2. Description of the Prior Art
Currently, either computer programs running on general-purpose computers or special-purpose computers are used to simulate the operation of digital designs. The simulation of such designs is used to test the operation of the design before the design is physically implemented as a printed circuit board or an integrated circuit. Each design is represented as a collection of interconnected logic devices. The logic simulator must evaluate the behavior of each logic device and simulate the effects of the interconnections between the devices. This invention describes a technique whereby a logic simulator can evaluate the behavior of a logic device.

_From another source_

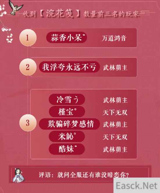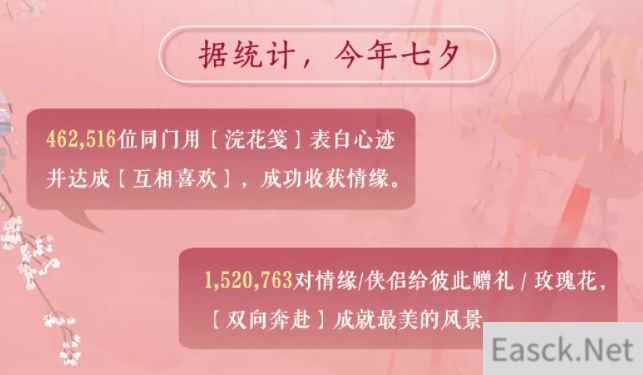 而玩家也没有辜负逆水寒官方的一片好心。 据悉,在整个七夕活动期间,共有46万玩家通过暗恋功能达成相互喜欢状态,并成功收获情缘。

For any number of reasons, there is an increasing emphasis upon the simulation of digital designs. This increase in emphasis is causing a related increase in the requirements placed upon logic simulators. There is a need for improved performance as well as improved accuracy in device modeling.
Currently, there are three classes of logic simulator: software, firmware, and hardware. Software logic simulators provide a performance of a few thousand events per second; firmware simulators, a performance of a few tens of thousand events per second; and hardware simulators, a performance of a few hundred of thousand events per second. Software simulators can typically model simple combinatorial logic elements, simple memoried logic elements, and complex memoried elements; firmware simulators can typically model simple combinatorial and memoried elements; hardware simulators can typically model only combinatorial elements.
Thus, the simulation user has a choice between speed and modeling ability. It must be noted that simple memoried elements can be constructed from combinations of combinatorial gates, and that complex memoried elements can be constructed of combinations of simple memoried elements and simple combinatorial elements. Thus, any of the classes of simulator can be used to simulate a given circuit. However, the use of multiple elements to represent a single element will result in multiple events being used to represent a single event, and thus a loss of performance. For example, whereas a software simulator might represent a JK flip-flop as a single logic element, a hardware simulator might use a combination of 9 combinatorial gates. On average, the hardware simulator will require five events to simulate the behavior of the JK flip-flop, whereas the software simulator will require only one event. Thus, the effective events per second of the hardware simulator is only 1/5th of its designed rate and consequently the hardware simulator will be only 20 times faster than the software simulator.
The need for speed is an undeniable aspect of logic simulation. A modest microprocessor built with today's technology may consist of 100,000 transistors. These 100,000 transistors can easily represent 20,000 logic elements of the sort that logic simulators process. To understand the implications of these numbers, consider the approximation that each clock cycle will produce approximately 2,000 events. Consider also the fact that it will take about 10,000,000 clock cycles to simulate just one second of operation. Thus, we can compute that to simulate one second of operation will require 20,000,000,000 events. A software simulator that processes 2,000 events per second will take 10,000,000 seconds to perform the simulation. This is a little over 155 days. A firmware simulator that processes 20,000 events per second would require 1,000,000 seconds, or 15 days. A hardware simulator that processes 200,000 events per second could finish the simulation in 27 hours.
The example of the microprocessor also highlights the value of improved device modeling. If the use of more complex device models can reduce the number of logic devices from 20,000 to 10,000, then the hardware simulator could finish the simulation overnight.